A In warm temperatures, the balance between FabI and FabB fluxes favours FabI, leading to a higher proportion of saturated fatty acids. The high abundance of C16:0 ACP relative to C18:1 ACP reduces repression of fabB by favouring the non-repressing FabR-C16:0 ACP complex. B Cold shocks immediately reduce flux entering the saturated branch via FabI. This reduces production of saturated fatty acids relative to unsaturated fatty acids, leading to a rapid increase in unsaturated phospholipid production from the adapted fatty acyl-ACP pool to levels that exceed the eventual steady-state levels. The overshoot is corrected via transcriptional regulation: decreased C16:0 ACP favours formation of FabR-C18:1 ACP, which represses fabB. Subsequently, FabB concentration is reduced by dilution through growth, thus decreasing synthesis of unsaturated fatty acids until the final steady-state balance of saturated and unsaturated fatty acids is achieved (C). These dynamics result in overshoot kinetics (D) that accelerate membrane adaptation.
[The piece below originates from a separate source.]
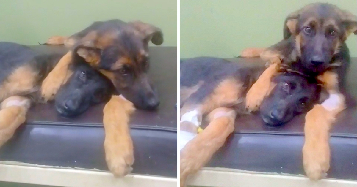 兄妹情深!狗哥哥緊抱虛弱妹 「含水的眼神」看醫生:牠會好起來對不對?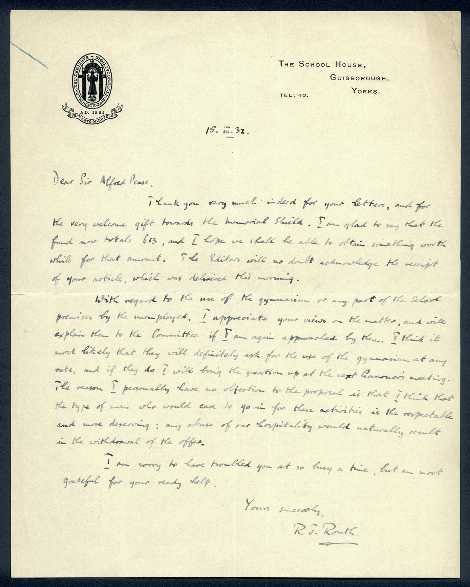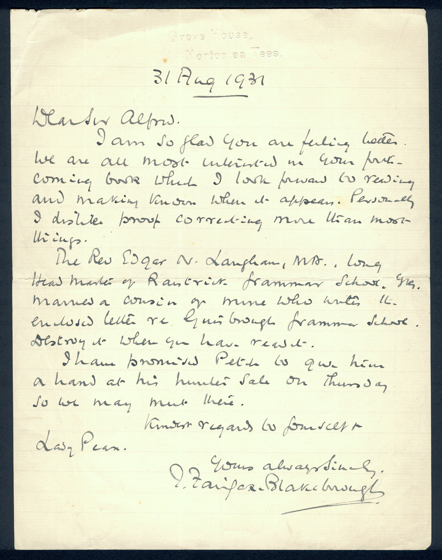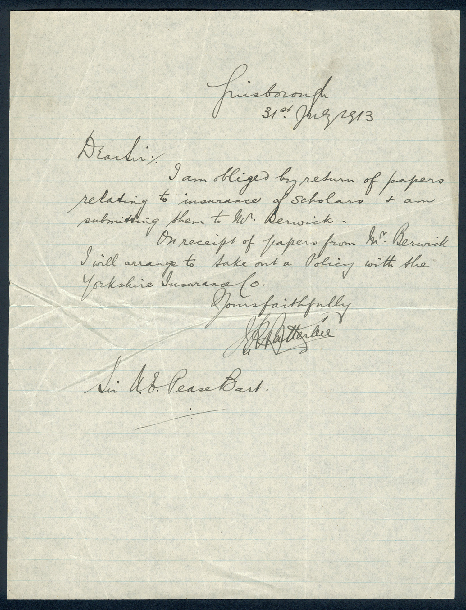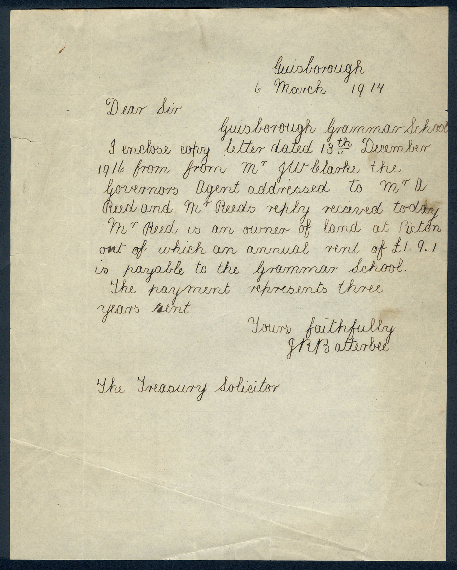 This section holds our collection of letters of Sir Alfred Pease, some of which were written by Headmasters of Guisborough Grammar School.

Our data significantly revise the previous model of E. coli homeoviscous adaptation. We find that the enzyme FabF is not required to initiate temperature-driven changes in the proportions of saturated and unsaturated membrane phospholipids. Instead, FabF augments temperature adaptation by synthesising 18:1 fatty acid, which appears to be more effective at adapting the membrane to cold temperatures than 16:1 fatty acid. We find rather that temperature directly determines the flux partitioned between the saturated and unsaturated fatty acid synthesis pathways. Our data suggest this is implemented by different temperature sensitivities of FabI and FabB. Consistent with this mechanism, our in vitro experiments indicate that FabI activity is reduced at lower temperatures. Demonstrating that the rate of FabB-catalysed elongation of C10:1(3Z) ACP remains stable despite changes in temperature would provide strong support for this mechanism. However, our in vitro experiments with FabB are inconclusive as we were unable to monitor the early kinetics of the elongation reaction, possibly due to our use of the nonphysiological substrate malonyl-CoA instead of malonyl-ACP. Alternatively, temperature-dependent flux partitioning may be accomplished by changing FabA or FabZ activity, which our simulations indicate would alter the abundance of C10:1(2E) and C10:1(3Z) ACP. However, flux partitioning is achieved using temperature as a control mechanism to link the supply of unsaturated fatty acids to the demand for membrane fluidity. Our model suggests the temperature-dependent activities and expression levels of FabB and FabI may be calibrated by evolution to produce specific membrane compositions that stabilise membrane viscosity at any growth temperature.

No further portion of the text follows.